When predictions fail

Did I hear that right? Comcast Sports Net's Damon Andrews, before presenting highlights of Stanford intrasquad scrimmage on Sunday night, said the Cardinal has "national title hopes." As I mentioned around this time last year, the program owns a love-hate relationship with preseason expectations.

Quite often when the critics love Stanford in August, the team embarks on a season Stanford fans wind up hating. Conversely, some of the best years ever enjoyed by the Cardinal have occurred once the club exceeds what the pundits thought possible.

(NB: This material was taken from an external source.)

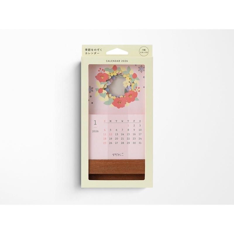 This desktop calendar features overlapping images that allow you to enjoy the four seasons. Each month’s design is delicately laser-etched, allowing you to feel the changing of the seasons as you flip through the cards. The textured wooden base blends seamlessly into any interior, making it ideal for space-saving use in your entryway, on your counter, or on your office desk. It comes in a box, making it an ideal gift. After a year of use, you can separate the cards and use them as cards. Like seasonal ornaments, this item can add a touch of seasonal charm and joy throughout the year.
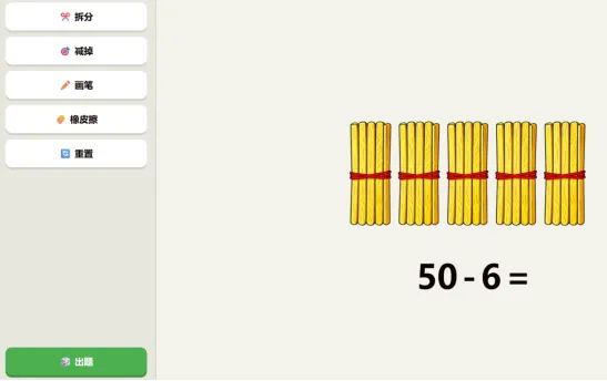 第四步,巩固练习:使用“AI小助手”出题功能进行随机出题。层次1:巩固练习前几题继续借助小棒理解算理。层次2:巩固练习后几题学生直接用算法自主解决。

Here are a few more seasons – love them or hate them – that stand out in such fashion.

Year: 1956
Preseason hype: The preseason AP poll put Stanford at No. 14.
Actual finish: 4-6 (3-4 Pacific Coast Conference)
Sample prediction: "Unscathed Stanford looks like the best bet to win the Pacific Coast title and go to the Rose Bowl. The pass-minded Indians, with John Brodie doing the pitching and a large line spearheaded by Paul Wiggin, may even be a candidate for top national honors." – Sports Illustrated
In hindsight: The formula sounds familiar. Overseen by an alumnus head coach, and led by an All-American offensive lineman protecting the country's best quarterback – who wears No. 12 on his jersey – Stanford aims for national glory.
Yet after starting the year 4-2, the Indians suffered one-point losses to UCLA and Oregon State – and never won again. Missed extra points were the difference in each game. Brodie stayed unfazed, even after the Bruins blocked one of his punts and returned it for a touchdown. "I still think we'll go to the Rose Bowl," he declared. That had to wait 14 years.

Year: 1971
Preseason predictions: Unranked in Sports Illustrated's poll, which instead heaped high praise on both USC (No. 4) and Washington (No. 15).
Actual finish: 9-3 (6-1 Pac-8), good enough for a second straight Rose Bowl crown.
Sample prediction: "Should John Winesberry and Bill Scott work out well as replacements for receivers Randy Vataha and Bob Moore, Stanford could win again." – Sports Illustrated
Elements of surprise: After falling at home to Duke, road games at the Huskies and Trojans loomed. Stanford later lost to Washington State, and then San Jose State. Don Bunce's interceptions (16) dwarfed his touchdown throws (11). Was this really the last year Stanford won the Rose Bowl?
The Thunderchicken defense made sure of it, embarrassing opponents and allowing a paltry 11 points per-game. They shut out Cal. With Michigan on top in the second half, the Wolverines were stuffed on fourth-and-goal in Pasadena. And poor Sonny Sixkiller never stood a chance. In the Tribe's runaway victory, the Washington QB completed just 12 of 46 attempts and threw four interceptions – three by Benny Barnes.

Year: 1979
Preseason hype: No. 13 in the AP, 17th in Sports Illustrated. Even with Darrin Nelson out for the season injured, a host of regulars returned.
Actual finish: 5-5-1 (3-3-1 Pac-10)
Sample prediction: "All that talent should make things easier for new coach Rod Dowhower," said one national magazine.
In hindsight: Bill Walsh went to the pros; the team he left behind needed Prozac. This despite boasting the nation's leading passer (Turk Schonert) and a schedule featuring seven home games.
Stanford tied USC – the lone blemish on the Trojans' 11-0-1 resume. The likes of Chuck Evans, Andre Hines, Ken Margerum still rank among the Cardinal's all-time greats. All that couldn't save a team rife with conflict between young players and upperclassmen. Defeats to Tulane and Army derailed any early-season momentum. Oregon State's only win came at Stanford's expense. These bipolar ways sent the team to its lone non-winning season of the decade.

Year: 1990
Preseason Predictions: The experts had Stanford sitting in the bottom third of the Pac-10 standings. Going 4-7 overall and 3-5 in the conference sounded generous.
Actual finish: 5-6, (4-4 Pac-10, tied for sixth)
Sample prediction: "The Cardinal is playing Notre Dame, Colorado, USC…but what, no Miami? And you call this a schedule?" – San Jose Mercury News
Elements of surprise: This season had everything: Last-second losses UCLA and national champ Colorado, an upset of No. 1 Notre Dame in South Bend, the emergence of Oklahoma-transfer Glyn Milburn, the monumental takedown of Cal on John Hopkins' field goal, and even a Beach Boys concert at Stanford Stadium (after the San Jose State game).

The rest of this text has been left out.